William Pollack’s study (which I obtained by requesting it from McLean Hospital’s public relations office) is a 30-page typed manuscript. It has never been published and is not marked as about to be published. The manuscript contains not a single footnote—not a single reference to other work. His conclusions about boys are based mainly on some psychological and gender awareness tests he administered to 150 middle school boys. We are not told how he selected these boys, or whether they constitute anything like a representative sample. As far as stating its own limitations, Dr. Pollack declares, "These findings are unprecedented in the literature of research psychology." When Francis Crick and James Watson announced their epochal discovery of the double helix in British journal Nature, they were calmer than Dr. Pollack.

As for Professor Gilligan, she has not published her data on "drowning and disappearing" girls in social science journals. The pronouncement that girls were endangered was made in a book called Making Connections: The Relational Worlds of Adolescent Girls at Emma Willard School.

Gilligan’s central thesis is that as girls enter adolescence, they lose their "voice"–their expressiveness and confidence. What empirical basis does she have for this claim?
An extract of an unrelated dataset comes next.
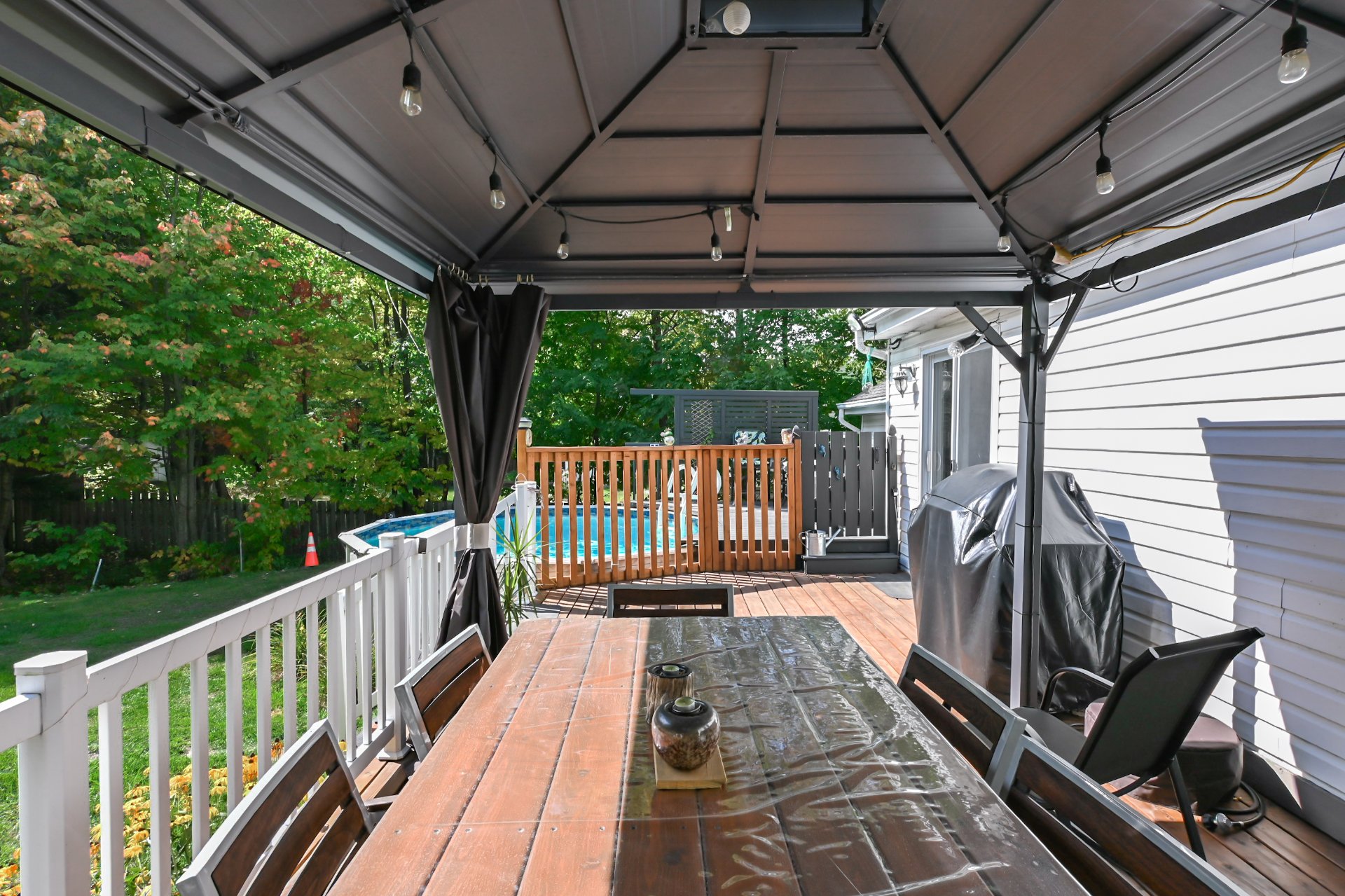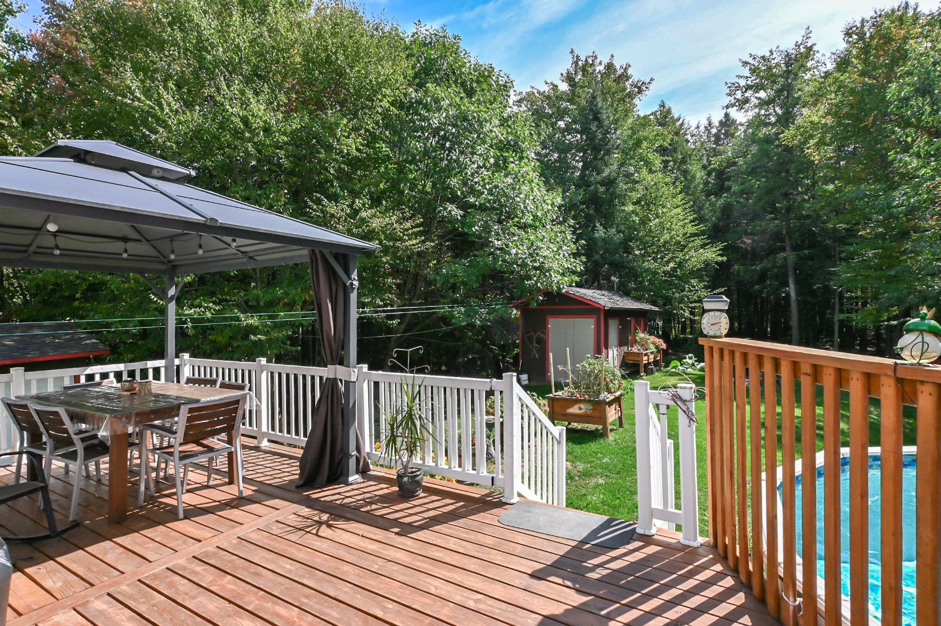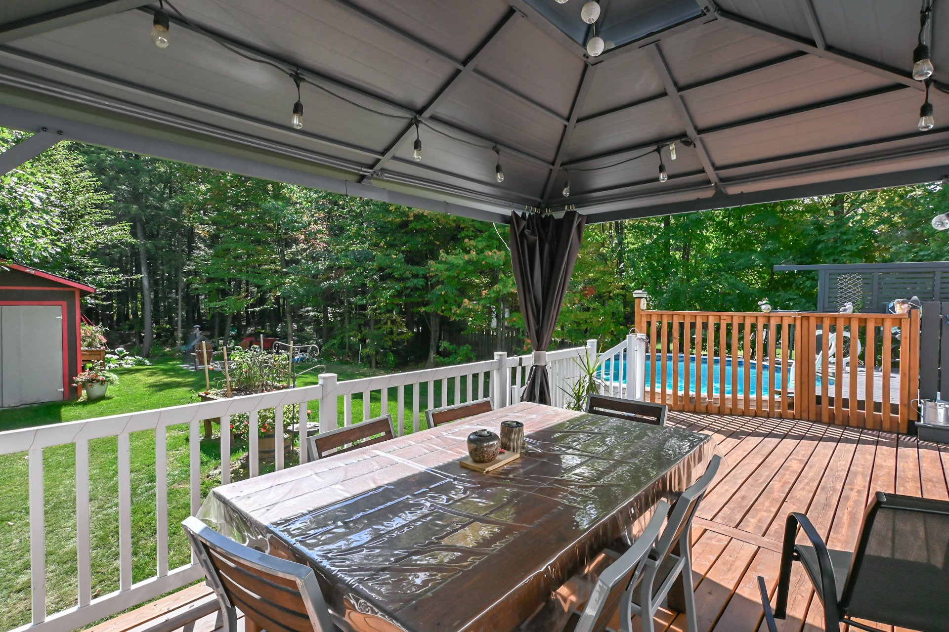 Installation permanente de chauffage et d'éclairage, luminaires, pôles à rideaux, rideaux, store, thermopompe, lave-vaisselle, foyer combustion lente, adoucisseur d'eau, ouvre porte de garage électrique, piscine hors terre et acc, 2 cabanons, abris soleil.11180 Ch. St-Nicolas , Mirabel

Gilligan and her colleagues interviewed a hundred or so boarding school girls about how they felt growing into adolescence. Gilligan explains in the prologue of Making Connections that the studies in the collection are not intended as a "definitive statement about girls." Instead, "they are offered in the spirit of celebration. . ." (p5)

Contrast Gilligan’s work with the less celebratory, but more conventional research of Susan Harter of the University of Denver. Harter and her associates attempted to test Gilligan’s hypothesis that girls lose their expressiveness, their "voice," as they enter adolescence. Unlike Gilligan, Harter published her findings in a peer reviewed professional journal, Educational Psychologist. Gilligan interviewed 100 girls at the Emma Willard School. Harter interviewed (approximately) 900 male and female students from grades 6-12 and from a range of economic backgrounds and school-types. We learn little about sort of questions Gilligan asked the girls. Harter, on the other hand, clearly explains her interview instrument and how it was tested for internal consistency. She notes it limitations.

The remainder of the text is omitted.